● **WHAT IS EXPECTED**
In the data below, find the line with "11月22日出版的《人民日報" and the line with "Ballerina der Designerschuhmarke", then restate both and every line between them exactly, minus the pictures.

● **GIVEN RECORDS**
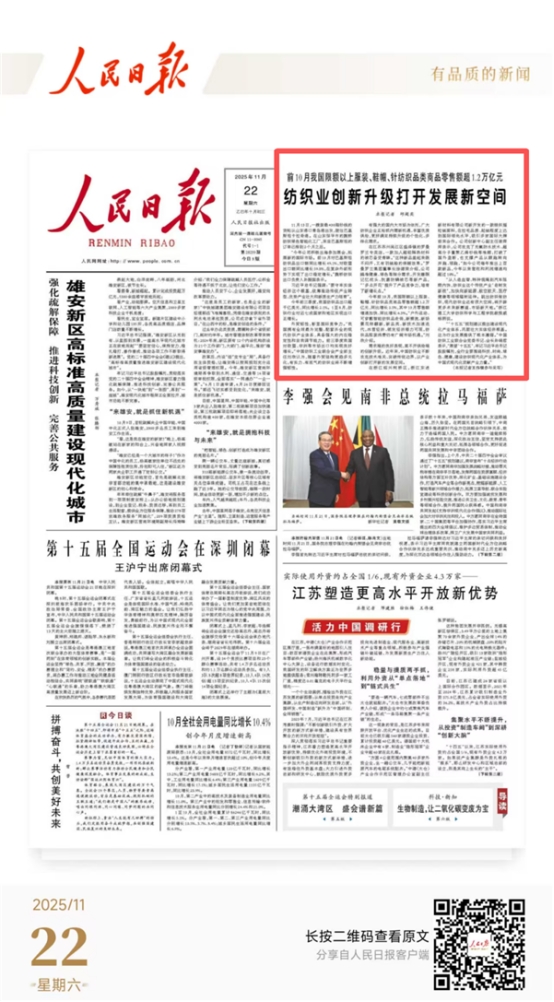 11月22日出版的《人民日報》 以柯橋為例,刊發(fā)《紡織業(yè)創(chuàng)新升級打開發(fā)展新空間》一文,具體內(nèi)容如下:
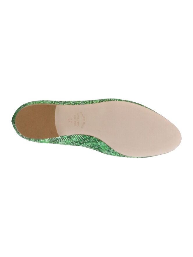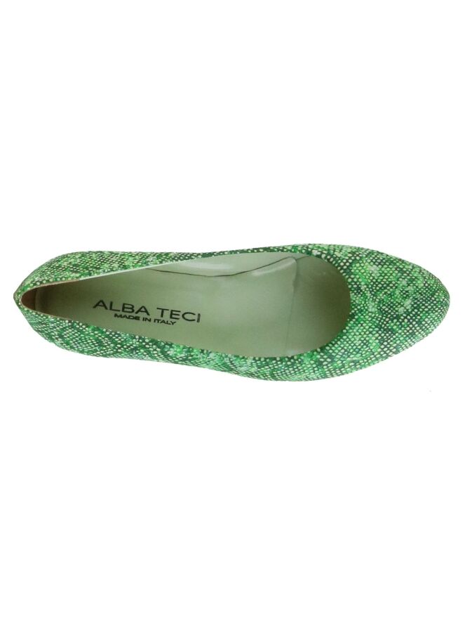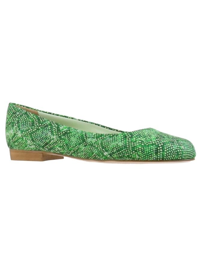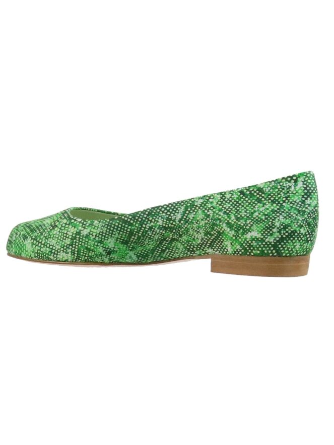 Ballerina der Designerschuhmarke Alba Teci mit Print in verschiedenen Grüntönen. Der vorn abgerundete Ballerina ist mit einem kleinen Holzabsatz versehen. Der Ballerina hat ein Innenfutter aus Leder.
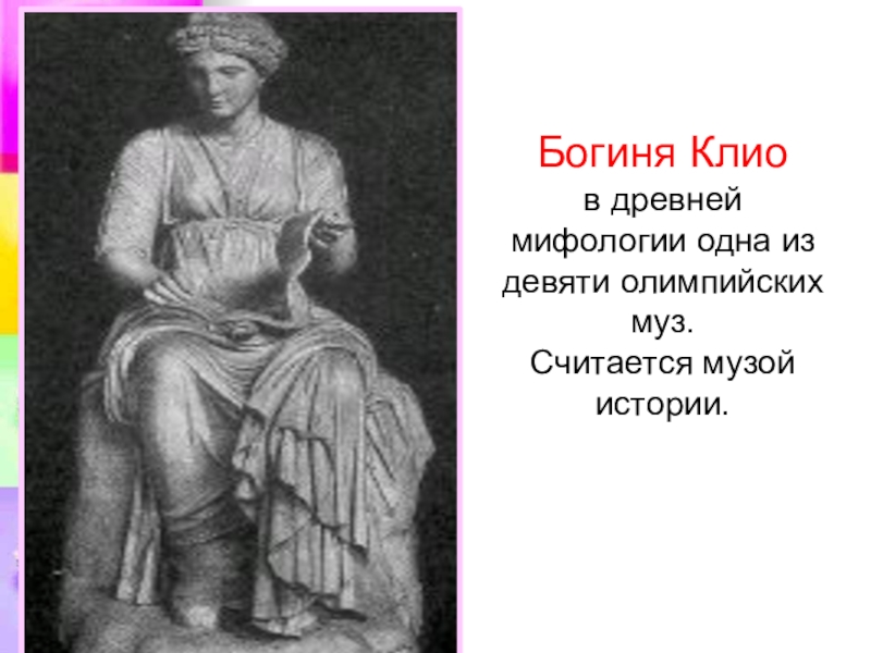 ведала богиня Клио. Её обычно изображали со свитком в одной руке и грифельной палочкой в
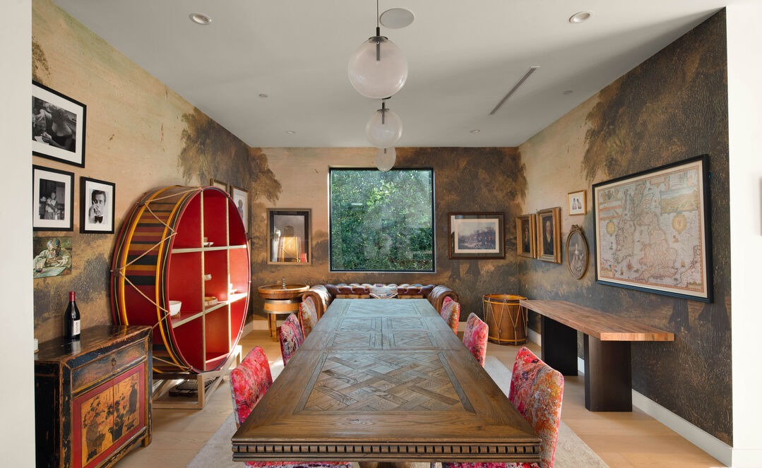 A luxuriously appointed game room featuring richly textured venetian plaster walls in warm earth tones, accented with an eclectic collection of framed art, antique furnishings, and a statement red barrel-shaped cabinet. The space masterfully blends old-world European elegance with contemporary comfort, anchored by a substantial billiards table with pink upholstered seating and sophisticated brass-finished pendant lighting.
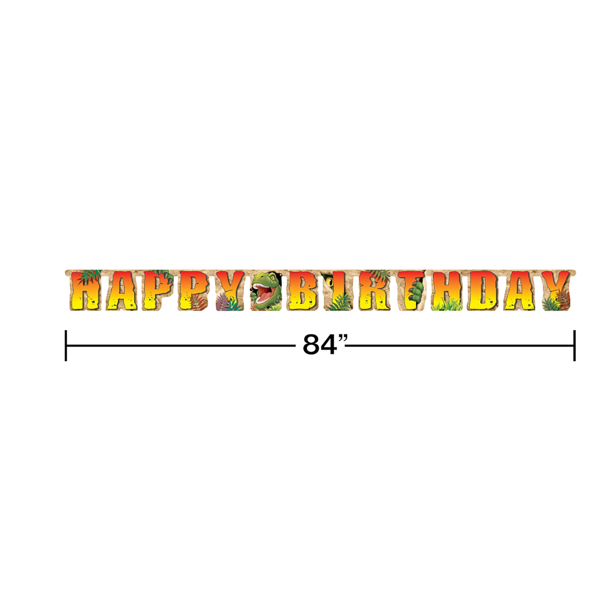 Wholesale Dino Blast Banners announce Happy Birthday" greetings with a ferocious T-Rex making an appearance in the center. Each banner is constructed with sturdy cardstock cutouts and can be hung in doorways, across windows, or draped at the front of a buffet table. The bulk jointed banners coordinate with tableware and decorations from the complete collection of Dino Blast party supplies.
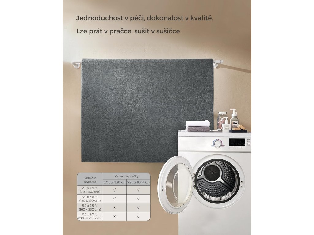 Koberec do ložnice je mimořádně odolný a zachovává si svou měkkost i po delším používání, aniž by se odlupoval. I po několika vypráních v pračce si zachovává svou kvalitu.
==
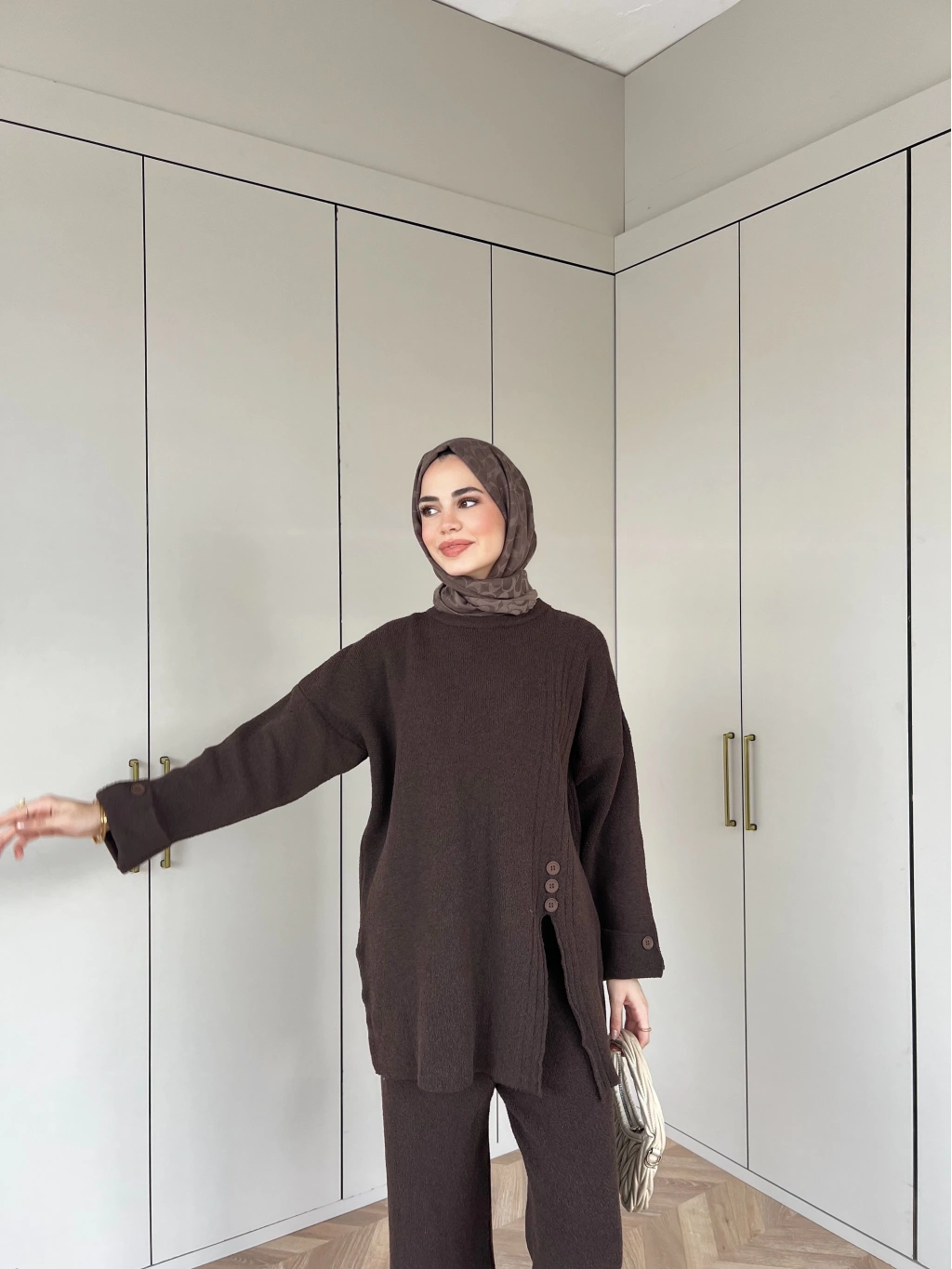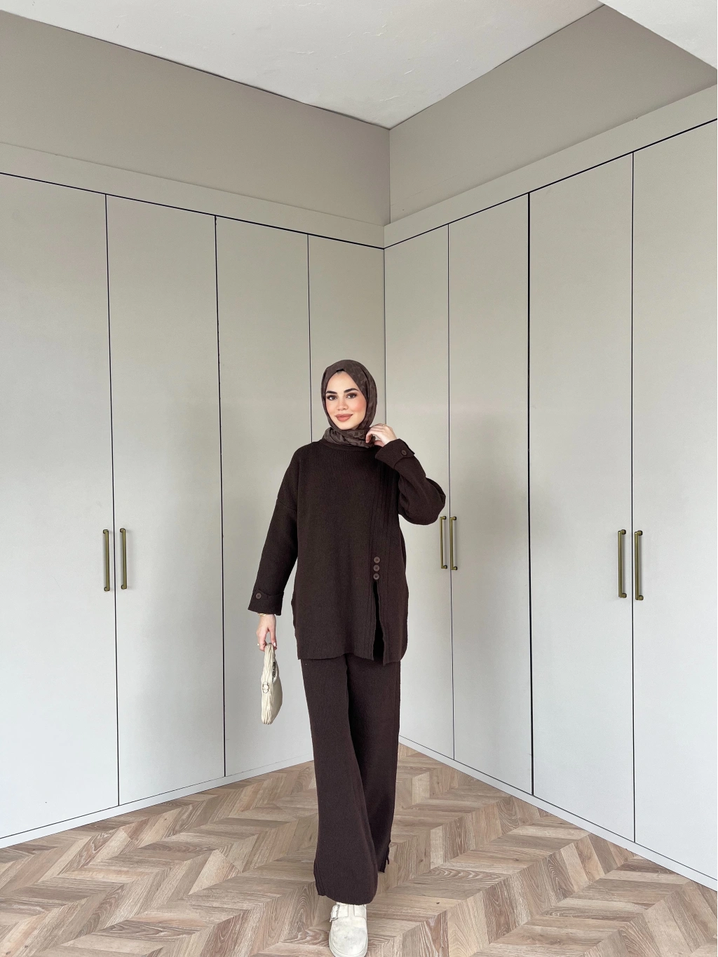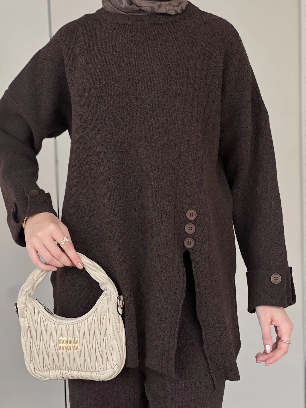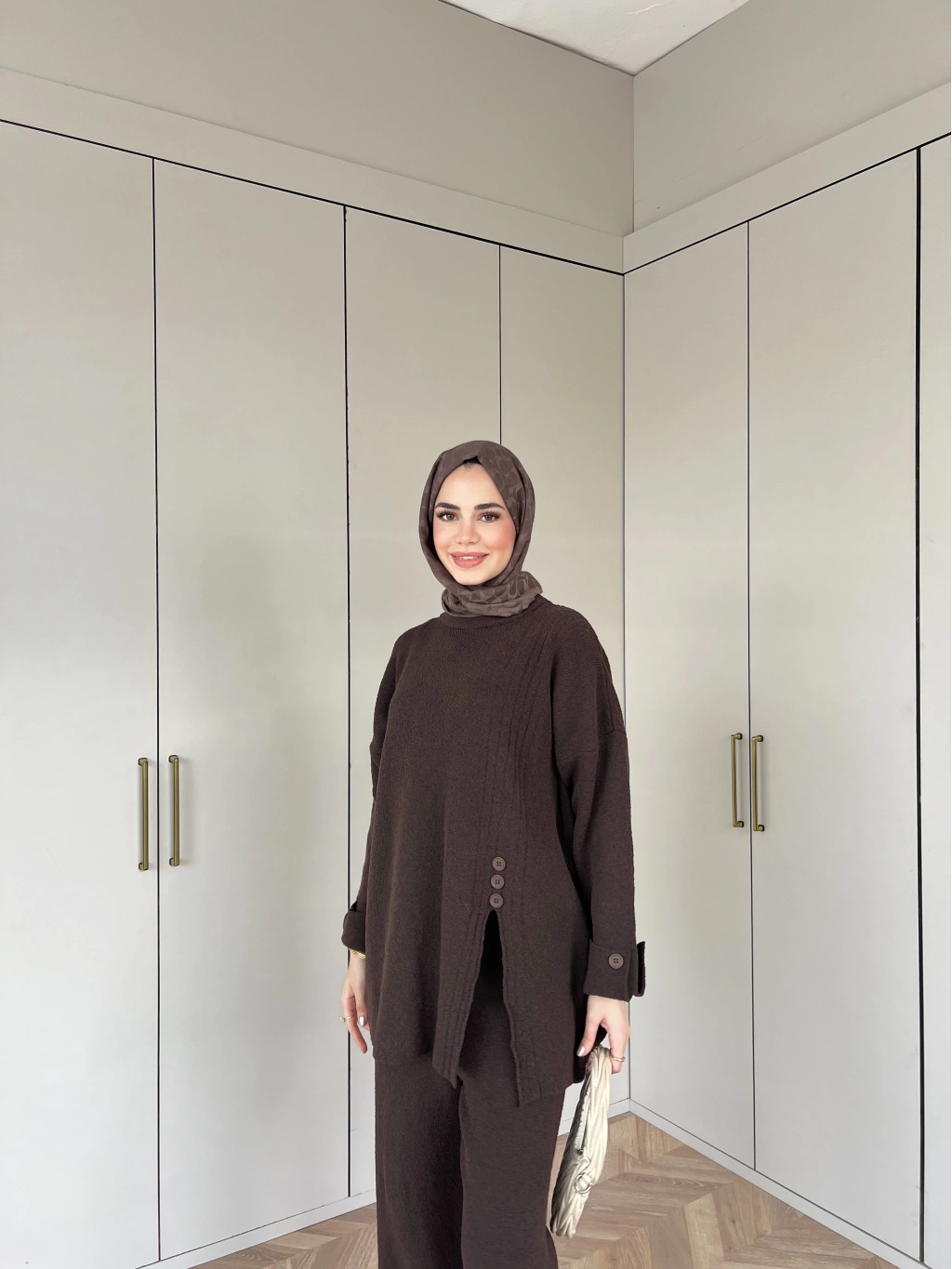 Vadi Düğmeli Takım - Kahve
* * *
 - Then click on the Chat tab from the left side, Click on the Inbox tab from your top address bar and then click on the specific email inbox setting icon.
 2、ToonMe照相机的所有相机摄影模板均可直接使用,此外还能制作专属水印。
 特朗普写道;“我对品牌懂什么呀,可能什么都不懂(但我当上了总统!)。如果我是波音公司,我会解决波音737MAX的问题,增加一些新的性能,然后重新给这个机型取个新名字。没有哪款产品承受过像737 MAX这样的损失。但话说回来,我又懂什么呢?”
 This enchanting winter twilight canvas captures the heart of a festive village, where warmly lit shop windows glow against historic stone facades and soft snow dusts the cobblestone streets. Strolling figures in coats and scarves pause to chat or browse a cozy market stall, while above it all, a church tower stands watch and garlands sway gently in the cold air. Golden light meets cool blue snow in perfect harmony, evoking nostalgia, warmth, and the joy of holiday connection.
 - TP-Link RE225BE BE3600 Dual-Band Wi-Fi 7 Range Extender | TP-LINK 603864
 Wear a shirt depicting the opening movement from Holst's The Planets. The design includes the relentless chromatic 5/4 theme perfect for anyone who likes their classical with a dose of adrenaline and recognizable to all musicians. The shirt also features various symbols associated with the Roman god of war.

● **WRITTEN REPLY**
 11月22日出版的《人民日報》 以柯橋為例,刊發(fā)《紡織業(yè)創(chuàng)新升級打開發(fā)展新空間》一文,具體內(nèi)容如下:
 Ballerina der Designerschuhmarke Alba Teci mit Print in verschiedenen Grüntönen. Der vorn abgerundete Ballerina ist mit einem kleinen Holzabsatz versehen. Der Ballerina hat ein Innenfutter aus Leder.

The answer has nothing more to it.